*** Opening of RECORDS SUPPLIED ***

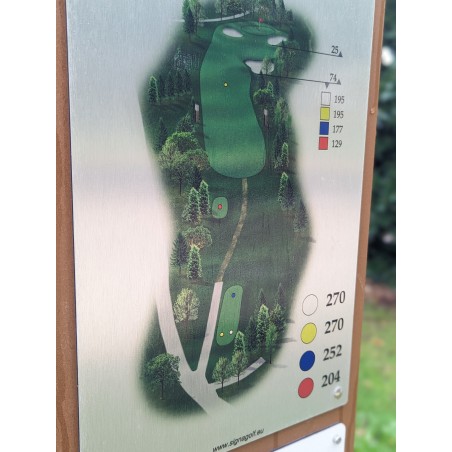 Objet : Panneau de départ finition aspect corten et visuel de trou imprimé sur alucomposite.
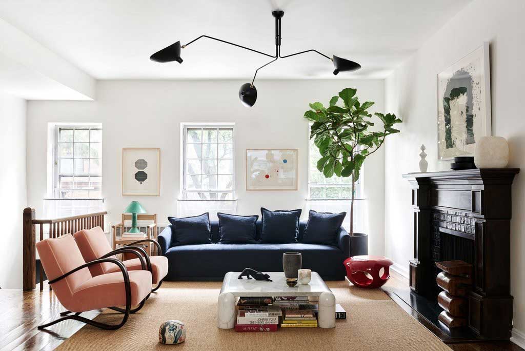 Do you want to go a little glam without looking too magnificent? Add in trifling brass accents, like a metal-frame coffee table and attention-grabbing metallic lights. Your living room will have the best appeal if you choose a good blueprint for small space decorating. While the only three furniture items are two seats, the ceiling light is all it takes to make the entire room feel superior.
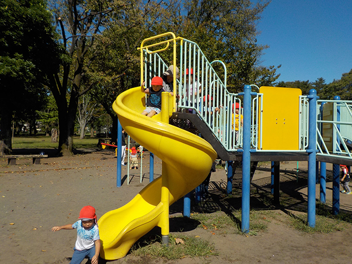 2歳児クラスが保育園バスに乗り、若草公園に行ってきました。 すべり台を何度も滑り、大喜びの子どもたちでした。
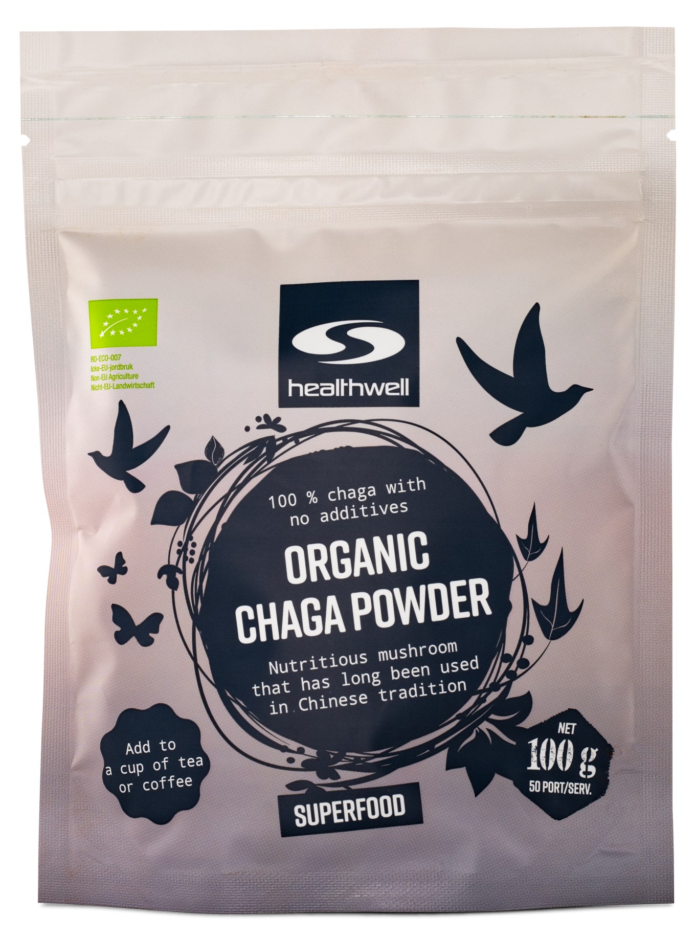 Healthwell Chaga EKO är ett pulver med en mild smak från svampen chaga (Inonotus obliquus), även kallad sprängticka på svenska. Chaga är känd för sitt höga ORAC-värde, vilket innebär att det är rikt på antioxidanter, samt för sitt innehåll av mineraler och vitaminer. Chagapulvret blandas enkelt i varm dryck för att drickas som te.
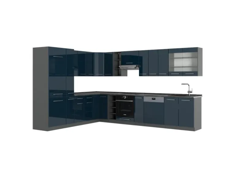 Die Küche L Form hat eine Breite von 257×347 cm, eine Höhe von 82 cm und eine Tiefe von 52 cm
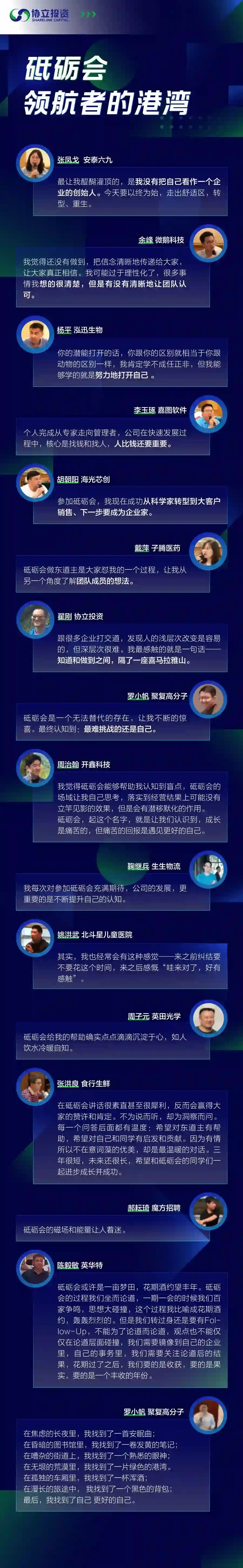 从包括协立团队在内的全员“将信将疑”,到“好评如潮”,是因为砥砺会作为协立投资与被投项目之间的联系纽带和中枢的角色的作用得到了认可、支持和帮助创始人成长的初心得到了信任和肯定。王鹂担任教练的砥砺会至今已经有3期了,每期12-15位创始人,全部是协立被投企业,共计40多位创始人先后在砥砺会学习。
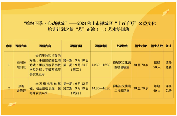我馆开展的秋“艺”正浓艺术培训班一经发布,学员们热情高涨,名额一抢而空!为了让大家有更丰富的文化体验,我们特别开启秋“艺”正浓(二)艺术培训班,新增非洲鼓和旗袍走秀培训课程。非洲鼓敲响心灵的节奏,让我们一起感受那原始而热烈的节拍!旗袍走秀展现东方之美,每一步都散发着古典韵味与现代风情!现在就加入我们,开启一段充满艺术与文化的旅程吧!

*** Close of RECORDS SUPPLIED ***

THE PROBLEM - Pictures excluded, transcribe the listing above exactly from the line with "Do you want" through the line with "2歳児クラスが保育園バスに乗", and no further.

ANSWER BELOW -
 Do you want to go a little glam without looking too magnificent? Add in trifling brass accents, like a metal-frame coffee table and attention-grabbing metallic lights. Your living room will have the best appeal if you choose a good blueprint for small space decorating. While the only three furniture items are two seats, the ceiling light is all it takes to make the entire room feel superior.
 2歳児クラスが保育園バスに乗り、若草公園に行ってきました。 すべり台を何度も滑り、大喜びの子どもたちでした。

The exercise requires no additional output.